Search code examples
regexansibleregex-greedy

How to read a block of text from a file in ansible


Hi I am reading content from a file.

The file contains the following content.

======

interface And

public void and(int, int);

public void nand(int, int);

======

interface Or

 public void or(int, int);

 public void nor(int, int);

======

interface Xor

 public void xor(int, int);

 public void xnor(int, int);

======

interface Not

 public void not(int);

======

class BitWise extends And, Or, Xor, Not

// Implementation of the Interfaces goes here

======

I am trying to read only the interfaces

I went through this How to read a particular part of file in ansible

---
 - name: Read the Interfaces
   hosts: 127.0.0.1
   connection: local
   vars:
      - file_path: " {{ playbook_dir }}/input_file.txt"
      - my_interfaces: []
   tasks:
         - name: Reading the interfaces
           set_fact:
                   my_interfaces: "{{ my_interfaces + [ item ] }}"
           with_lines: "cat {{file_path}}"
           when: item is search('^interface.+?=*')
         - name: Printing all the interfaces
           debug:
                  var: my_interfaces

The Programs Output is

ok: [127.0.0.1] => {
    "my_interfaces": [
        "interface And",
        "interface Or",
        "interface Xor",
        "interface Not"
    ]
}

But The desired output is

ok: [127.0.0.1] => {
    "my_interfaces": [
        "interface And \n public void and(int, int) \n public void nand(int, int)",
        "interface Or \n public void or(int, int) \n public void nor(int, int)",
        "interface Xor \n public void xor(int, int) \n public void xnor(int, int)",
        "interface Not \n public void not(int)",
    ]
}

I think that I am doing something wrong in the regular expression part. But I don't know how to correct it to get the desired output.Could anyone help me to solve the problem. And is there any other way than this to do the same task.


Solution

  • In your pattern ^interface.+?=* this part .+? is non greedy so the engine would match 1+ times as least as possible. This part =* matches an equals sign 0+ times.

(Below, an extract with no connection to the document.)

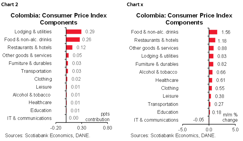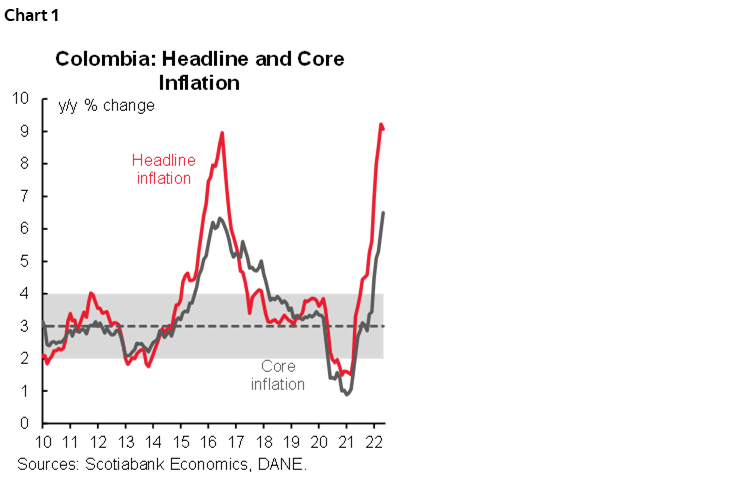 According to DANE data published on Saturday June 4, monthly CPI inflation was 0.84% m/m in May 2022, close to the BanRep’s survey (0.82% m/m) and aligned with Scotiabank Economics’ projection (0.84% m/m). The May inflation reading was almost 2.5 times the average monthly inflation observed since 2016 (0.33% m/m) and brings annual headline inflation to 9.07% y/y, down from 9.23% y/y in April (chart 1). Annual food inflation eased from 26.2% y/y to 21.60% y/y, exhausting the upside effect of the nationwide strike one year ago, as the only element of the CPI basket contributing to the deceleration of inflation on a year-over-year basis.

    When there is no equals sign in the interface, it would only match interface followed by a space if the dot does not match a newline.

    You have to enable that the dot matches a newline (use an inline modifier (?s) if supported) if you want to use your pattern. Use a capturing group or a positive lookahead to not match the newline and the equals signs but make sure that it is there.

    (?s)^interface\b.+?(?=\r?\n=)
    

    Regex demo

    Another option could be to match interface and the rest of the line. Then repeat matching lines as long as the next line does not start with an equals sign using a negative lookahead (?!=)

    ^interface\b.*(?:\r?\n(?!=).*)*
    

    Regex demo